The invention discloses a kind of papaya chitinase and its preparation method and application.The present invention obtains the chitinase coding gene sequence in papaya (Carica Papaya), the nucleotide sequence after optimization is as shown in SEQ ID NO.2 according to Pichia pastoris codon-bias using full genome synthetic method.Efficient secretory expression further is carried out to the chitinase coding gene of optimization this described using pichia yeast expression system, obtains papaya chitinase, its amino acid sequence is as shown in SEQ ID NO.1.The papaya chitinase that the present invention obtains has higher hydrolysing activity to the chitosan substrate of low deacetylation, crude enzyme liquid caused by shake flask fermentation is the hydrolysis ability with 1mL (protein content about 0.18mg) degraded 0.5g chitosans, and same amount of chitosan of degrading about needs papain 20mg, efficiency improves more than 100 times in theory;With good prospects for commercial application.

Description

A kind of papaya chitinase and its preparation method and application
Technical field
The invention belongs to chitinase technical field, and in particular to a kind of papaya chitinase and preparation method thereof and should With.
Background technology
Chitinase (Chitinase, EC.3.2.1.14) is widely present in ancient bacterium, bacterium and eucaryote, main point Cloth is in glycoside hydrolase (Glycoside Hydrolases, GH) family 18 and 19.Industrially, due to lacking economical and efficient Specific chitosan hydrolyzate enzyme (including chitinase and chitosan enzyme), often using the non-spy such as protease and cellulase Different in nature commodity enzyme hydrolyzing chitosan is to prepare chitosan oligosaccharide.Because the enzyme with chitosan hydrolyzate activity is in these commercial enzymes Proportion is extremely low, larger with enzyme amount, and the production cost of chitosan oligosaccharide also accordingly increases.Therefore, it is a series of there is an urgent need to develop The chitosan hydrolyzate enzyme of economical and efficient is to meet the needs of industrial chitosan oligosaccharide produces.
The content of the invention
It is an object of the present invention to provide a kind of papaya chitinase and its preparation method and application;Aim to provide one kind The specific chitinase of economical and efficient.
Present invention technical scheme used to achieve the above object is as follows:
The present invention to the codon of papaya chitinase (GH19 families) encoding gene by optimizing, in favor of it Secreting, expressing is realized in Pichia pastoris, so as to efficiently quickly obtain the high papaya chitinase of hydrolysing activity.
A kind of papaya chitinase provided by the invention, its amino acid sequence is as shown in SEQ ID NO.1:
Present invention also offers a kind of papaya chitinase gene, encodes above-mentioned papaya chitinase.Preferably, The nucleotide sequence of the papaya chitinase gene is as shown in SEQ ID NO.2:
Present invention also offers the recombinant expression carrier for including above-mentioned papaya chitinase gene.Preferably, the table It is pGBG1 up to carrier, expression vector pGBG1 is obtained in the following way:
By carrying out codon optimization to the signal peptide sequence (referring to shown in SEQ ID NO.4) in expression vector pPIC9, The new signal peptide sequence (referring to shown in SEQ ID NO.5) for being adapted to express in Pichia pastoris is obtained, and utilizes Nsi I/Xho I double digestions substitute the signal peptide sequence shown in SEQ ID NO.5 signal peptide shown in original SEQ ID NO.4, are expressed Carrier pGBG1.Expression vector pGBG1 can make destination protein secreting, expressing more efficient in Pichia pastoris.

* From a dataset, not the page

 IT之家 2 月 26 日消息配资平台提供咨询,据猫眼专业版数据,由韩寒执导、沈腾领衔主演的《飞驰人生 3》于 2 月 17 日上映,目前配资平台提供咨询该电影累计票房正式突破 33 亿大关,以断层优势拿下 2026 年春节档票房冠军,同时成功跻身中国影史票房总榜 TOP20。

Wherein, expression vector pPIC9 and Pichia pastoris GS115 is commercially produced product.
The preparation method of papaya chitinase of the present invention is:By above-mentioned recombinant expression carrier (for example, nucleosides Chitinase gene of the acid sequence as shown in SEQ ID NO.2 is built into expression vector) Pichia pastoris is imported, induction is simultaneously Obtain the chitinase of secreting, expressing.Preferably, the Pichia pastoris is GS115.
Further, the specific preparation process of papaya chitinase of the present invention includes:(1) it is close according to Pichia pastoris The Preference that numeral uses, codon optimization is carried out to the chitinase gene original series from papaya;(2) will optimization Gene afterwards is carried out fully synthetic and built into expression vector pGBG1;(3) linearization for enzyme restriction is carried out to the expression vector of structure Afterwards, give up the fragment containing resistant gene, reclaim the fragment containing chitinase gene and import Pichia pastoris GS115 In, induce and obtain the chitinase of secreting, expressing.

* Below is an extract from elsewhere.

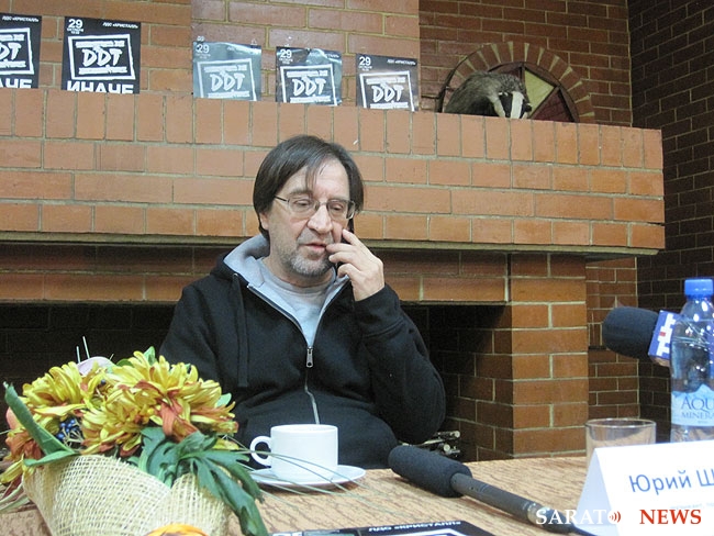 27 октября известный российский музыкант Юрий Шевчук прибыл в Саратов с новой программой "Иначе", состоящей из 28 песен. Сразу по прибытию он встретился с представителями прессы.

Chitosan substrate is hydrolyzed using the chitin of induced expression thick enzyme supernatant and uses MALDI-TOF mass spectrum sides Method is analyzed the degree of polymerization and composition of product.As a result show, papaya chitinase of the present invention can be individually used for The degraded of chitosan prepares chitosan oligosaccharide;Or the papaya chitinase is mixed with other chitinases or chitosan enzyme and made With Synergistic degradation chitosan or chitin.
Present invention also offers application of the above-mentioned papaya chitinase in degradation of chitosan.Preferably, papaya is several Fourth matter enzyme is individually used for degradation of chitosan and prepares chitosan oligosaccharide;Or the papaya chitinase and other chitinases or Chitosan enzyme is used in mixed way, Synergistic degradation chitosan or chitin.

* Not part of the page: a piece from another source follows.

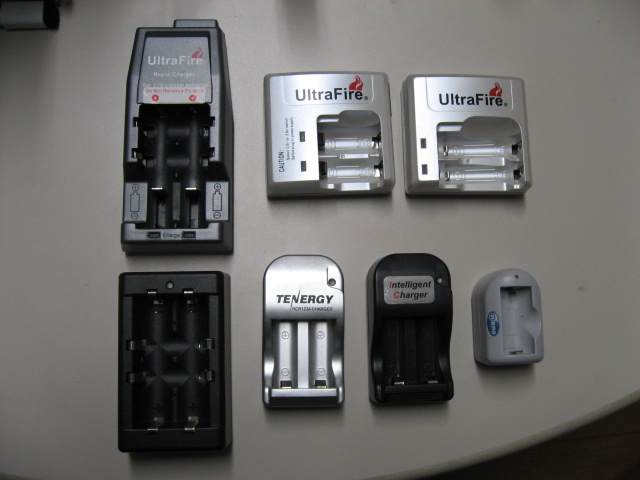 ちょっと手持ちの Li-ion 充電器達を並べてみました。まだ他にもあるんですけど、入手先が不明なものとかもありますので、比較的素性のしっかりしたもので紹介できるものを集めてみました。

Screen the enzyme system with chitosan hydrolyzate enzymatic activity present inventor's early stage in numerous food level commercial enzyme Found during agent, the papain in papaya source has preferable chitosan hydrolyzate activity, and (the thick enzyme dry powder of 1g about can thorough water Solve 25g chitosans).We are further identified the component of product chitosan oligosaccharide using MALDI-TOF mass spectrometry methods, find institute 2-Acetamido-2-deoxy-D-glucose is carried in being made up of chitosan oligosaccharide product monose, it is probably necessity of hydrolase identification to illustrate the monose Component, therefore we speculate the predominantly chitinase of hydrolyzing chitosan in papain.Therefore, it is safer efficient to obtain Chitinase be used to degrade chitosan or chitin, what we chose that one of them has identified belongs to the family of glycoside hydrolase 19 Chitinase, according to the Preference of Pichia pastoris codon, its encoding gene is obtained by full genome synthetic method and finished Secreting, expressing (Cell Mol Life Sci.2006,63 (24) are carried out in red yeast:3042-3054).The chitinase of expression The large-scale production that existing commodity papain is used for chitosan oligosaccharide or chitin oligo saccharide etc. can be substituted.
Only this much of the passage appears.